No Bidders for President’s ‘Anti-Semitic’ Letter Opposing Louis Brandeis Court Nod

Legal Eagle: Brandeis blazed a trail. Image by GETTY IMAGES
LOS ANGELES — A letter from former President William Howard Taft attacking the nomination of Louis D. Brandeis to the U.S. Supreme Court in thinly veiled anti-Semitic terms may be of historic value, but apparently not $15,000 worth.
That sum was the opening bid set by the Nate D. Sanders auction house in Los Angeles for the 1916 document, but by the April 28 deadline no bids had been received.
Taft’s epistle sheds light on the state of anti-Semitism at the time in the most “respectable” circles.

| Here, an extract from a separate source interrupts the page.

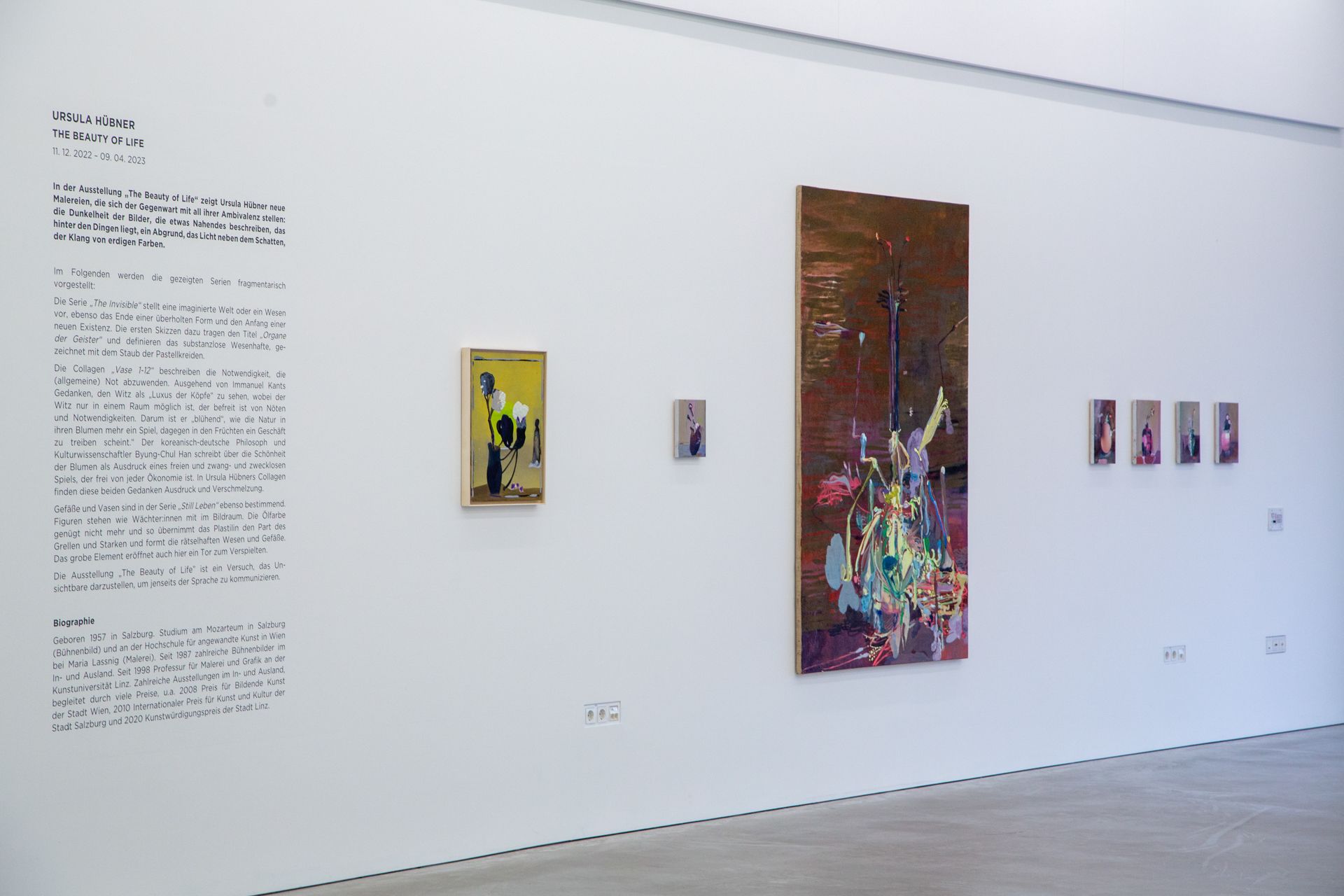 In der Ausstellung „The Beauty of Life“ im Museum Angerlehner zeigt Ursula Hübner neue Malereien die sich der Gegenwart mit all ihrer Ambivalenz stellen. Die Dunkelheit der Bilder, die etwas Nahendes beschreiben, das hinter den Dingen liegt, ein Abgrund, das Licht neben dem Schatten, der Klang von erdigen Farben.

In addition, the episode provides an interesting parallel to the fight over President Obama’s nomination of Merrick Garland, another Jewish lawyer, to the Supreme Court seat vacated by the death of Justice Antonin Scalia.
Taft had reportedly hoped that President Woodrow Wilson, his successor in the White House, would appoint him to the seat left vacant by the unexpected death of Justice Joseph R. Lamar, just as the 1916 presidential election campaign was heating up.
Although Taft claimed that his opposition to Brandeis was based on the latter’s progressive and “socialist” views, Taft’s scurrilous language and constant emphasis on Brandeis’ Jewishness pointed more to a personal outrage at the prospect of a Jew being named, for the first time, to the Supreme Court.
In his four-page letter on Jan. 21, 1916 to Jewish journalist Gus Karger, Taft labeled Brandeis “cunning,” “a hypocrite,” “unscrupulous,” and possessing “much power for evil.”
Taft maintained that “the intelligent Jews of this country” also opposed Brandeis’ nomination, but that to counter that opposition Brandeis had suddenly “adopted Zionism, favors the new Jerusalem, and has metaphorically been re-circumcised.”
The Senate, after history’s first public hearing on a Supreme Court nomination, confirmed Brandeis by a 42-22 vote and the Jewish judge went on to a long and influential tenure on the court.
Although the historic letter is no longer up for auction, it is still available for sale by Nate D. Sanders Auctions in Los Angeles.